# Way To Stop MacBook From Hibernating When Closing Screen?



## AJones (Mar 17, 2007)

I use an external keyboard, mouse, and screen when I am at home and I was wondering if there is a way to stop the MacBook Pro from hibernating when I close the screen, it would just make everything a lot easier to organize.

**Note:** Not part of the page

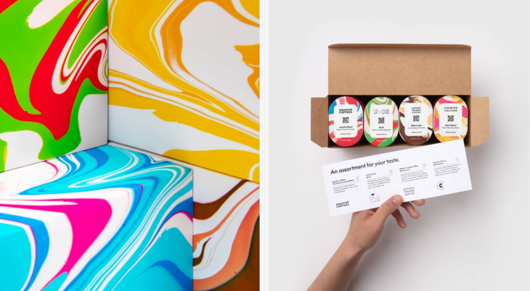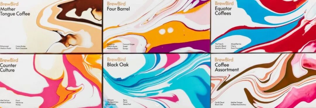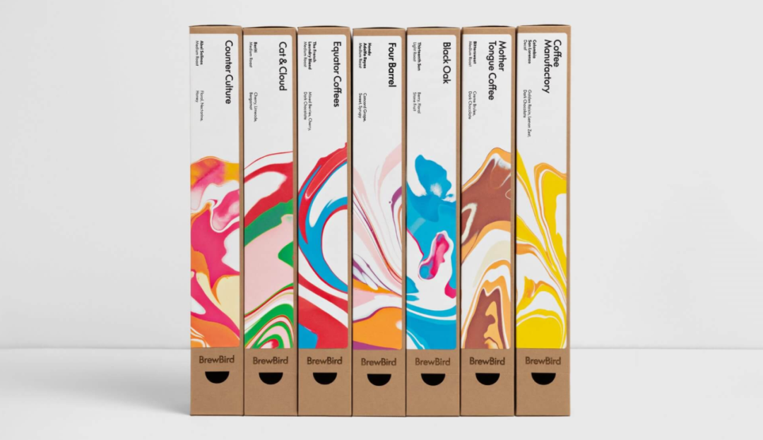 MUCHO设计工作室为其提供一个新的品牌标识和令人难忘的包装系统:巧妙地将两个字母“B”与鸟和咖啡杯结合在一起的新标识,整个标识共同创造了咖啡行业空间独有的活泼、快乐和极其难忘的体验;包装上创造了一种独一无二的丙烯酸涂料流体设计来代表各种咖啡的风味特征。整体包装效果格外的吸睛!

Thank You for the help in advance.


----------



## simbalala (Mar 17, 2007)

It should wake up after it's closed if you tap a key on the external keyboard. That's the normal operation


----------



## AJones (Mar 17, 2007)

well i want it to not start, i want to be able to close the screen but still be able to use my external monitor, mouse and keyboard.


----------



## simbalala (Mar 17, 2007)

You can.

I have the same setup on a Powerbook. If I close the lid the PB goes to sleep but when I tap a key on the external keyboard it wakes up again with the lid still closed.


----------



## Lt Major Burns (Mar 18, 2007)

'lid closed' operation used to only be a feature on the 'pro' line of notebooks, like, the iBook couldn't do it, due to cooling problems.

not sure if this is carried over to macbook/MBP...


----------



## fryke (Mar 18, 2007)

Nono, the MacBooks don't have this limitation. BUT if you close the lid, it goes to sleep. So you'll have to wake it up again using the external keyboard (as has been mentioned). Normal "PowerBook-style" behaviour.


----------